Research
My main area of research is developing solutions for the management of scientific workflows in distributed environments.
Data analysis within the scientific collaborations is a large-scale and rigorous process where large amounts of data (in the order of Terabytes) is analyzed. Applications are being built not as monolithic entities designed by a single individual, but rather as complex workflows composed of application components. Often times these components are designed, developed, and tested collaboratively. Because of the size of the data and the complexity of the analysis, large computer clusters are being used to store the data sets and execute the workflows. As the size of the data and of the analysis grows, scientific collaborations are pooling their resources into distributed systems such as the grid. The grid is a distributed system that seamlessly connects resources across the wide area network: compute resources, storage, instruments, etc., and provides the software, such as the Globus Toolkit, to securely submit jobs remotely, to transfer data, to operate apparatus, and perform other remote operations.
Managing the data and analysis in a systematic, robust and collaborative fashion is now one of the foci of many IT projects. The National Science Foundation is currently funding several projects such the Grids Physics Network (GriPhyN), the National Virtual Laboratory (NVO), and the Southern California Earthquake Center/IT (SCEC/IT) to provide software that will aid scientists in discovering data and metadata (descriptive information about data products), in setting up and executing complex analysis, and in storing and sharing information about newly derived results.
My work focuses on designing software solutions that aid scientists in a variety of disciplines to easily execute complex analysis on distributed and heterogeneous resources. In particular I have been working on the development of the Pegasus system that can map abstract workflows onto the grid. Abstract workflows describe the analysis in terms of logical transformations and data without identifying the resources needed to execute the workflow.
Mapping the abstract workflow description to an executable form involves finding the resources that are available and can perform the computations, the data that is used in the workflow, and the necessary software. Pegasus consults various Grid information services to find the above information. Pegasus also reuses existing intermediate data products where possible, thus potentially reducing the workflow. As part of the mapping Pegasus augments the workflow with data transfer nodes to stage data in and out of the computations, data registration nodes that can update various catalog on the grid and recently also nodes that can stage-in statically linked binaries.

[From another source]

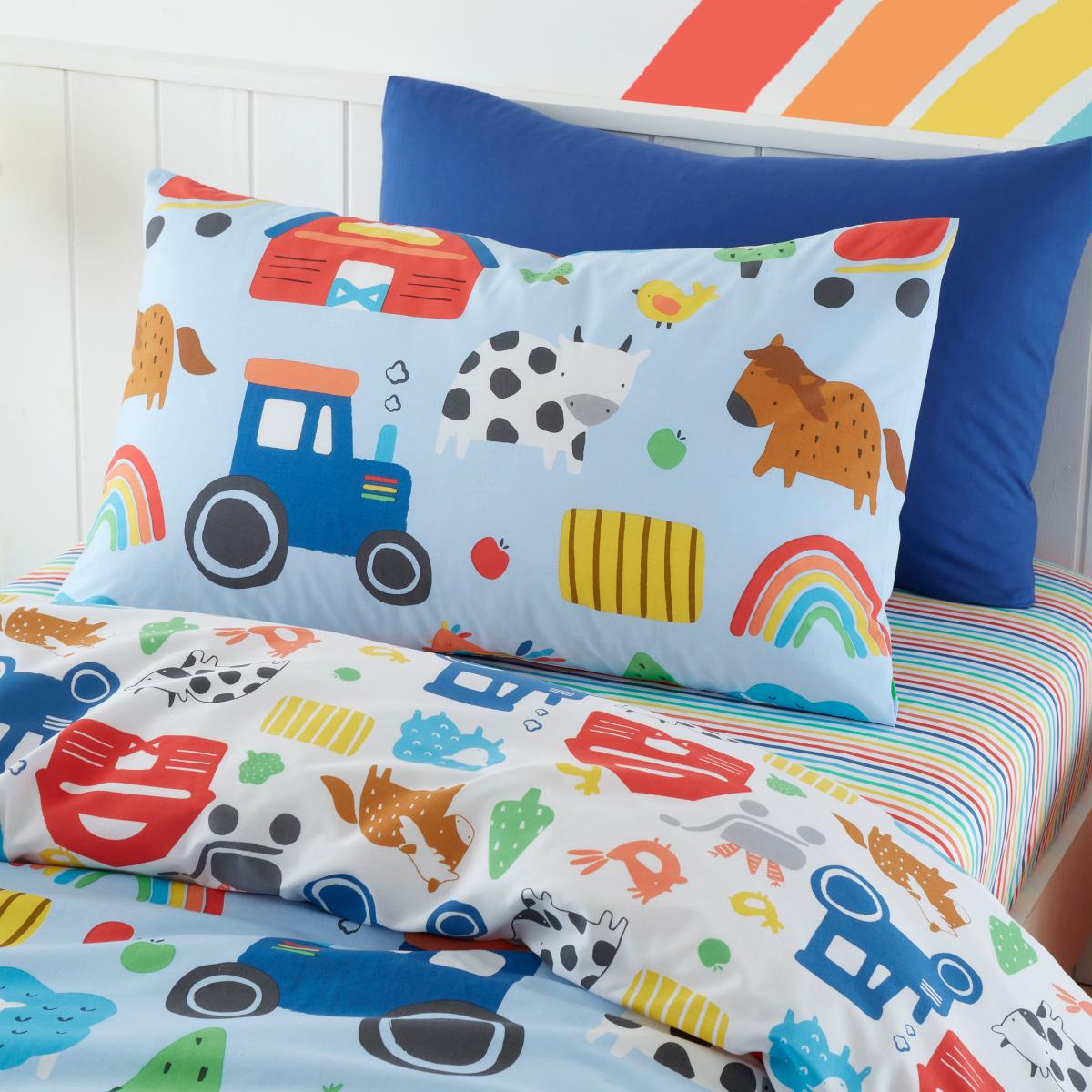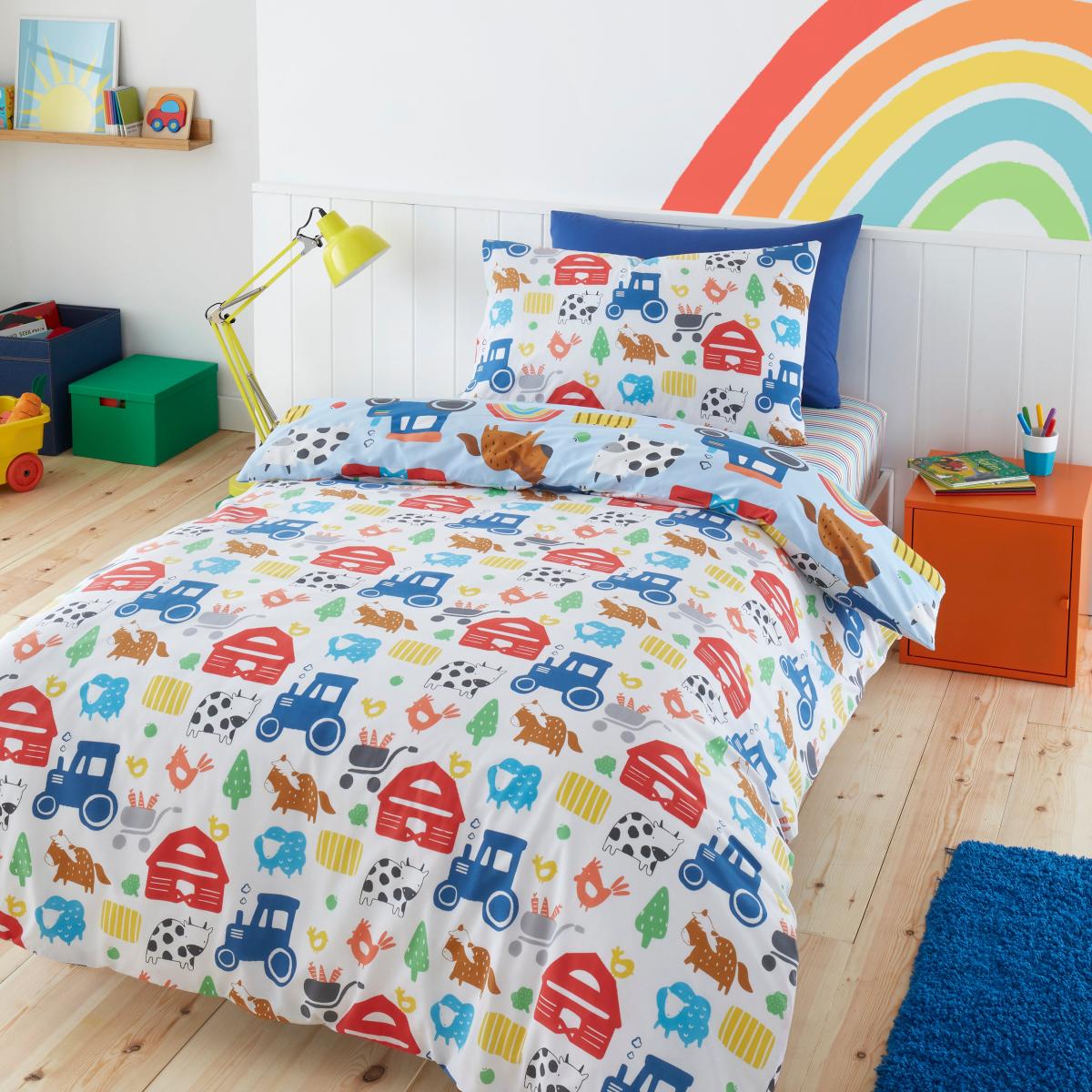 I love this farmyard design for its playful yet vibrant aesthetic-it’s perfect for adding a cheerful focal point to a child's bedroom. The blue tones work well in a variety of interior schemes, especially when paired with neutral or pastel walls, or complemented by other colourful accessories. Practical styling tips include mixing with plain, light-coloured bedding to make the farmyard print stand out, and adding texture with knitted throws or cushions in coordinating colours. It’s also a great choice if you want a lively atmosphere without overwhelming the space, making it ideal for both modern or traditional interiors.

The result of the mapping is a concrete workflow that can be executed on the grid by software systems such as Condor's DAGMan.
Some of the issues that I am exploring are:
-
Mapping (or planning) horizon: It is not always efficient to map the entire workflow in one shot, especially if the execution environment is very dynamic. I am investigating deferred planning techniques that map only portions of the workflow at a time (relevant paper).
-
Scheduling algorithms: I am investigating various algorithms that can be used to map workflows onto the available resources (paper coming soon)
-
Reliability: I am exploring the use of re-planning techniques to improve the reliability of workflow execution. (slides showing the Pegasus approach)
-
Exploring multiple tradeoffs in the solution space: I am exploring the use of AI planning techniques to search the large solution space of possible mappings of workflow tasks onto resources (several papers on the topic here).
The Pegasus team is composed of Gaurang Mehta, Mei-Hui Su and Karan Vahi.
A PhD student Gurmeet Singh is also working on the project.
This work is supported by the National Science Foundation under the following projects: SDCI-Pegasus, GriPhyN, iVDGL, NVO and SCEC.